> _PROBLEM TO WORK ON_
Lines below starting with the line with "Vintage Quartz Solid" and going on through the line with "Как правило, заголовки" must be output exactly; the rest of the records must be left out.

> _EXERCISE DATA_
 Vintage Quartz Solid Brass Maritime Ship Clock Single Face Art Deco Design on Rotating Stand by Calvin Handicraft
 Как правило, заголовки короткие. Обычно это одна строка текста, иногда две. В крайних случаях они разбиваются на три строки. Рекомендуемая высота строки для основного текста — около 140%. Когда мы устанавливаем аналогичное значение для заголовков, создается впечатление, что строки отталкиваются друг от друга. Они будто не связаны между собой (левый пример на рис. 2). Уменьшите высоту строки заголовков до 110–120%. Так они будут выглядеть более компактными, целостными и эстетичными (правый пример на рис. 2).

--

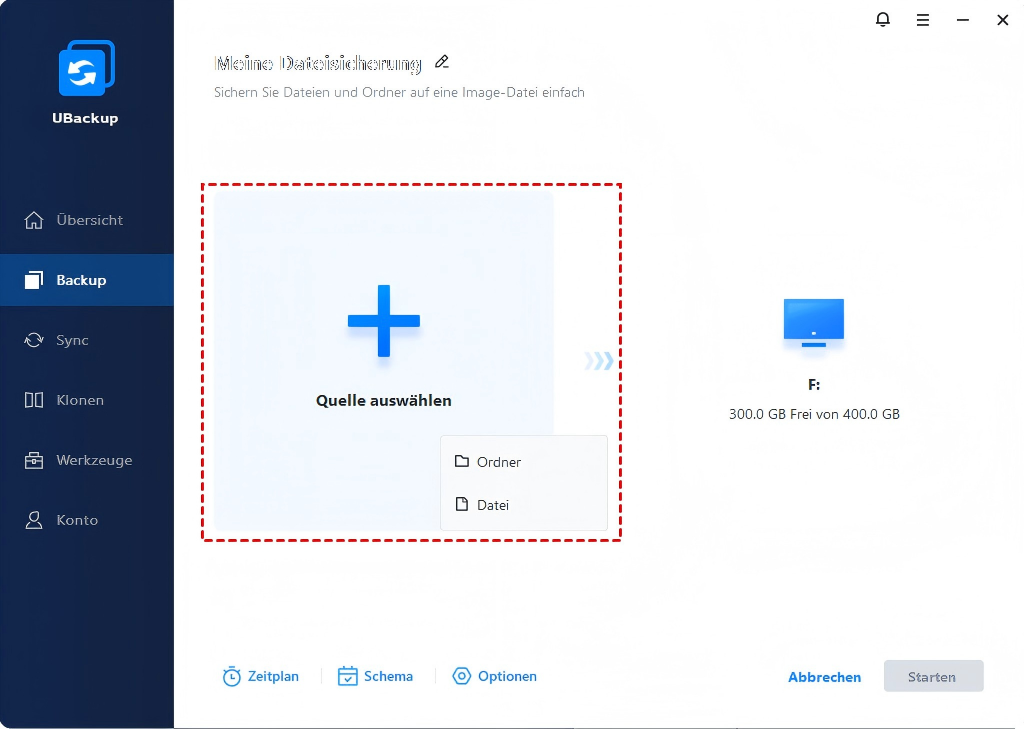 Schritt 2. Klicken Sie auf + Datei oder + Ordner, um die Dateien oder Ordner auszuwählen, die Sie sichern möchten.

> _OUTPUT FOR THIS EXERCISE_
 Vintage Quartz Solid Brass Maritime Ship Clock Single Face Art Deco Design on Rotating Stand by Calvin Handicraft
 Как правило, заголовки короткие. Обычно это одна строка текста, иногда две. В крайних случаях они разбиваются на три строки. Рекомендуемая высота строки для основного текста — около 140%. Когда мы устанавливаем аналогичное значение для заголовков, создается впечатление, что строки отталкиваются друг от друга. Они будто не связаны между собой (левый пример на рис. 2). Уменьшите высоту строки заголовков до 110–120%. Так они будут выглядеть более компактными, целостными и эстетичными (правый пример на рис. 2).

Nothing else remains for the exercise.